* [EXERCISE GOAL]
Write down exactly what lies from the line containing "poziva sve svoje" to the end of the records, inclusive, and omit the pictures.

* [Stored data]
###

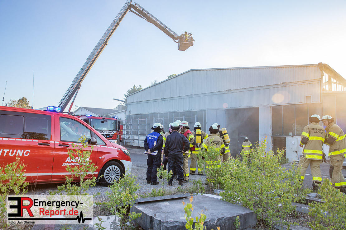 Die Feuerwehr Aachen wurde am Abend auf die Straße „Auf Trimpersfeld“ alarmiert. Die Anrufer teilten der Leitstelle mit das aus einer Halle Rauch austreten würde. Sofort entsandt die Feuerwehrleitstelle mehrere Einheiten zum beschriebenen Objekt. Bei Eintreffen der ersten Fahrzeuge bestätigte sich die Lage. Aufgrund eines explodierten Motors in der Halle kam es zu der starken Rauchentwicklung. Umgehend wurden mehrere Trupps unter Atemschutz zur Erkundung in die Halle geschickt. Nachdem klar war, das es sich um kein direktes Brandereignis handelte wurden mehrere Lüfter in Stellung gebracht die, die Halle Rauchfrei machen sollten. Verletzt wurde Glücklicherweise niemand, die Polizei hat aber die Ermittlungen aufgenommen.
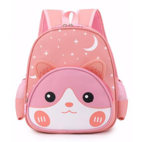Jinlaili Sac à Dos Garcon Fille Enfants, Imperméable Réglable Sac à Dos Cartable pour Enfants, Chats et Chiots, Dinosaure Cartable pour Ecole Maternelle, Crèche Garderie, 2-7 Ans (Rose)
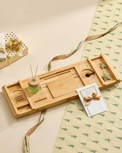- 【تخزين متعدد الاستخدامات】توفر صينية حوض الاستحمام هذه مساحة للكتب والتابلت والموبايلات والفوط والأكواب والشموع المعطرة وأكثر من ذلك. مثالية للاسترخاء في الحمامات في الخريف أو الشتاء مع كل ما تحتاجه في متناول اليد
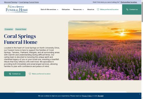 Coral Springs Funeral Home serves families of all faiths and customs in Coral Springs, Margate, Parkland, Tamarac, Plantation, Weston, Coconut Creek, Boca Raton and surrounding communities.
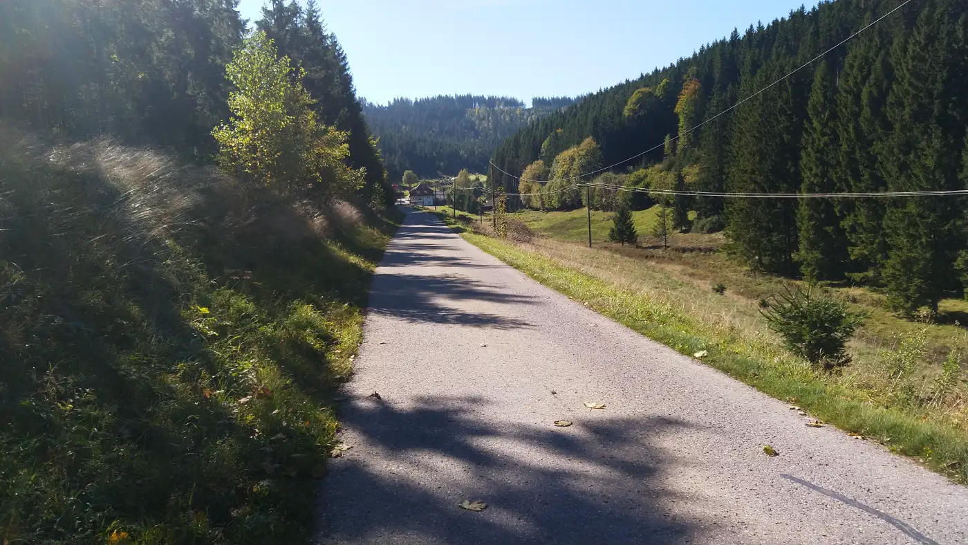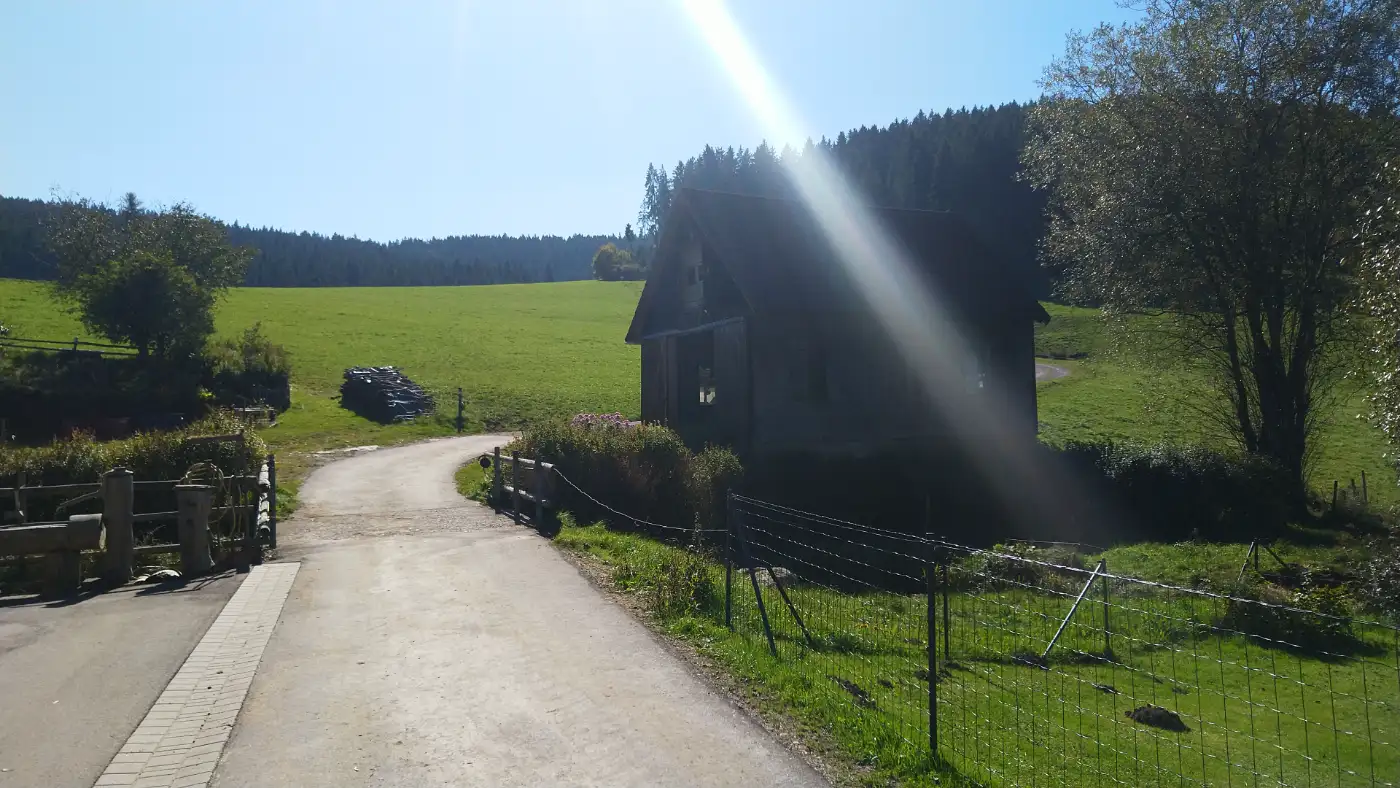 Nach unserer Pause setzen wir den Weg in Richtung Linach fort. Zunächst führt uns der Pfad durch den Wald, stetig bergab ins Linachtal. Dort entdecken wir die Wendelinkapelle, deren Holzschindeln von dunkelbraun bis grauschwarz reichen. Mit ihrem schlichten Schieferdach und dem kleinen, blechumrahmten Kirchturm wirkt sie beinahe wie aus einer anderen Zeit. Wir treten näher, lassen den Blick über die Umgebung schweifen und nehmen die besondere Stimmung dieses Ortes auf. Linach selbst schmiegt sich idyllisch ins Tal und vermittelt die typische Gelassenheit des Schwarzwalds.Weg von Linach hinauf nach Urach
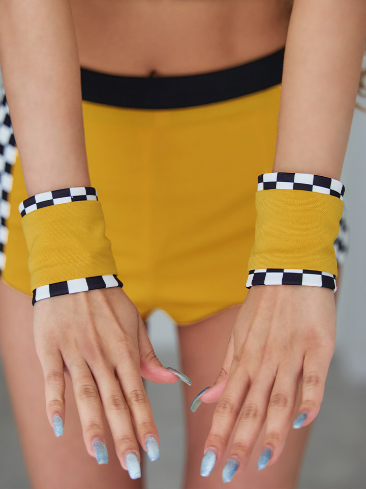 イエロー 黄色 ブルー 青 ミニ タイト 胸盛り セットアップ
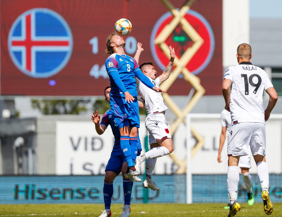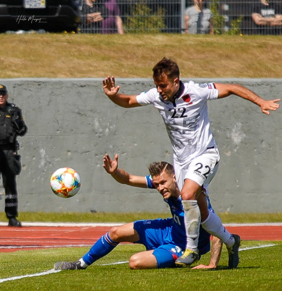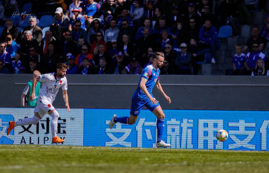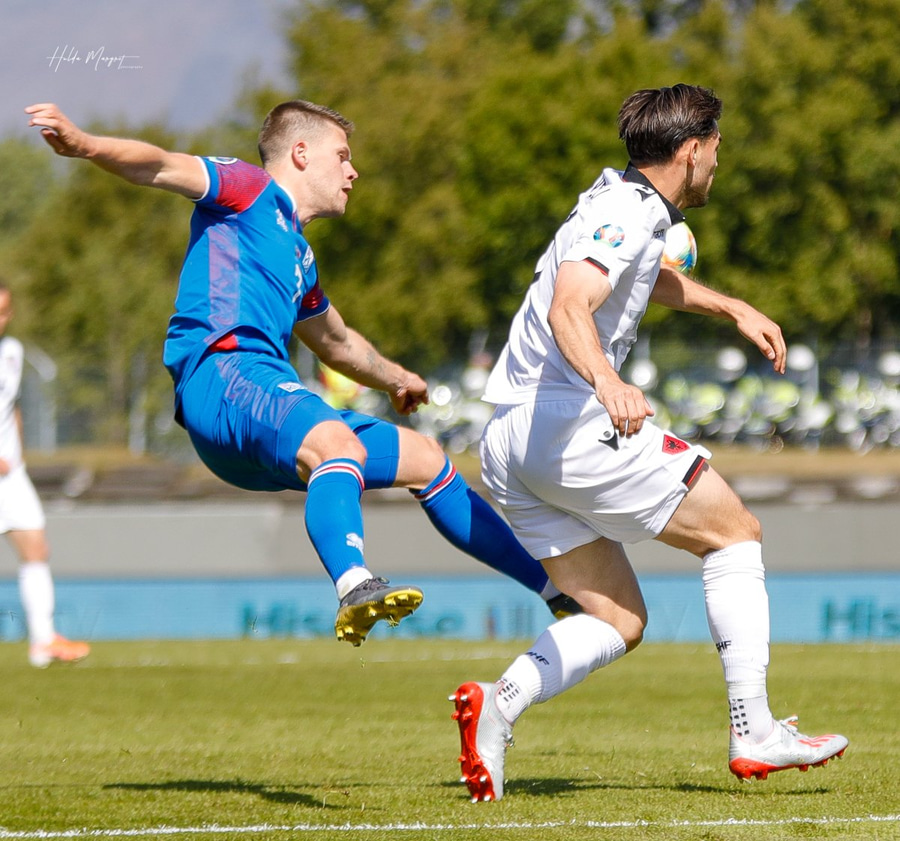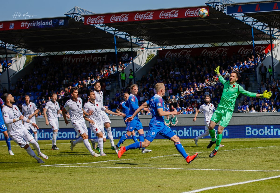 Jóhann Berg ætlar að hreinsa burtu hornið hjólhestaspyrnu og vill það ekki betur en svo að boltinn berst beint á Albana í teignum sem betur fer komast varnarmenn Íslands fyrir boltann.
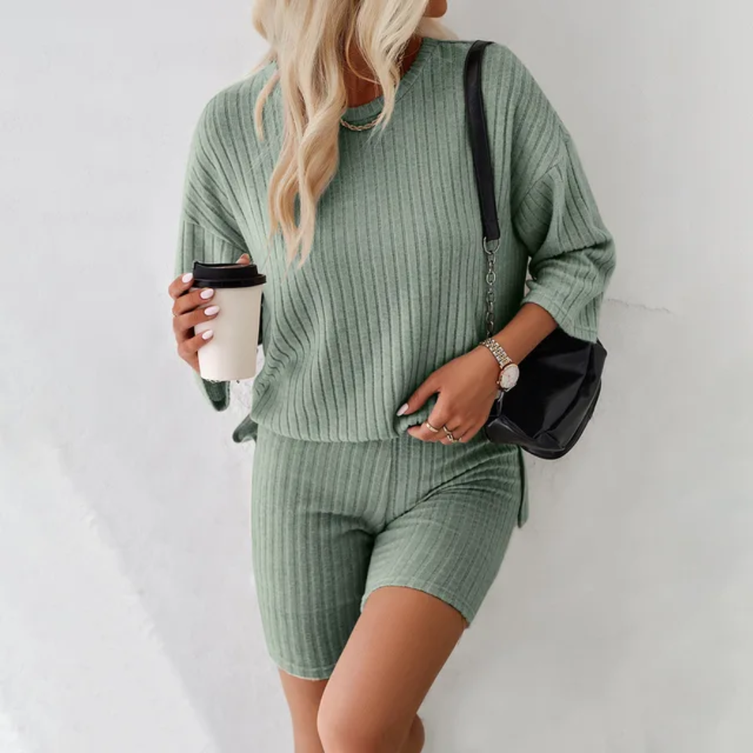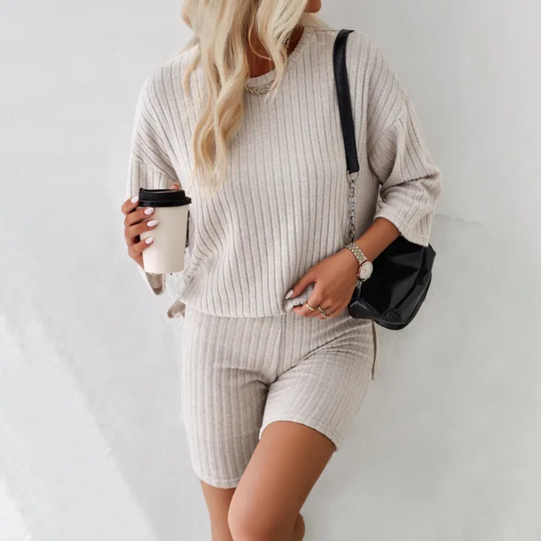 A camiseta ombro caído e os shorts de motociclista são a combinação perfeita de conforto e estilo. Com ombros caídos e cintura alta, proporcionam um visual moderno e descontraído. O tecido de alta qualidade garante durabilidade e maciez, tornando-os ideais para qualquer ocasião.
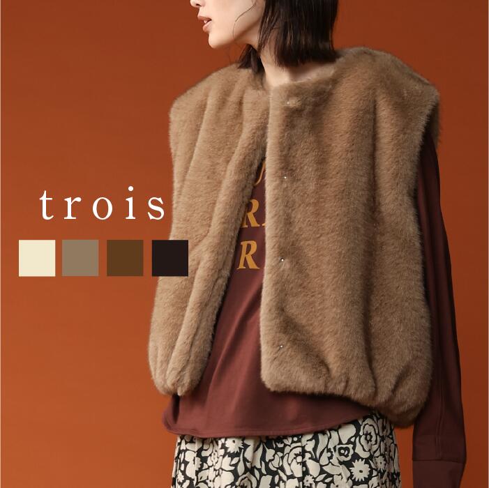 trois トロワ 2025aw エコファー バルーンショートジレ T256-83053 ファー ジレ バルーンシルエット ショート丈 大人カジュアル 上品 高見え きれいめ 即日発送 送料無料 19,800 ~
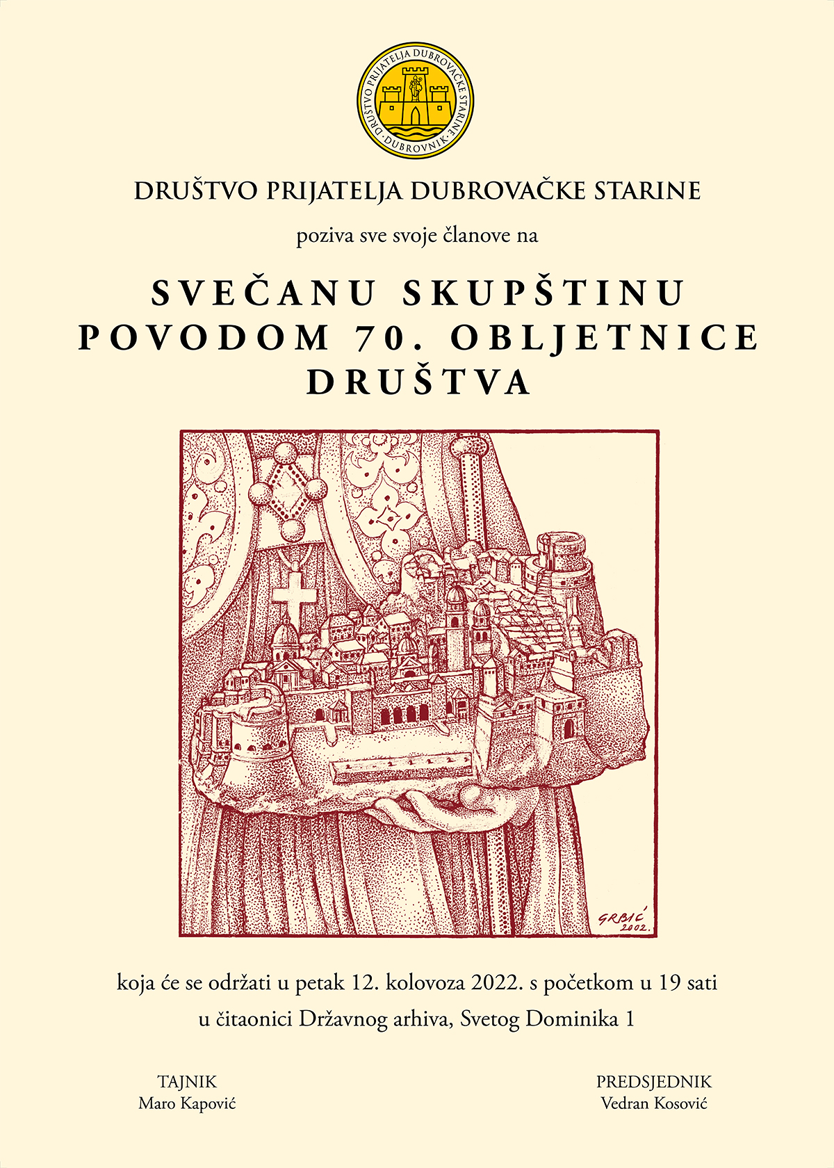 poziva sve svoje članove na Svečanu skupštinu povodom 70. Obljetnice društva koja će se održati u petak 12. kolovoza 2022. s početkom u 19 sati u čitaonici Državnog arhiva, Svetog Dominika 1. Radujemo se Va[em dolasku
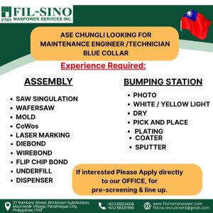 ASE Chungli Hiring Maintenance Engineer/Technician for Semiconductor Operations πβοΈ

###

* [EXPECTED ANSWER]
 poziva sve svoje članove na Svečanu skupštinu povodom 70. Obljetnice društva koja će se održati u petak 12. kolovoza 2022. s početkom u 19 sati u čitaonici Državnog arhiva, Svetog Dominika 1. Radujemo se Va[em dolasku
 ASE Chungli Hiring Maintenance Engineer/Technician for Semiconductor Operations πβοΈ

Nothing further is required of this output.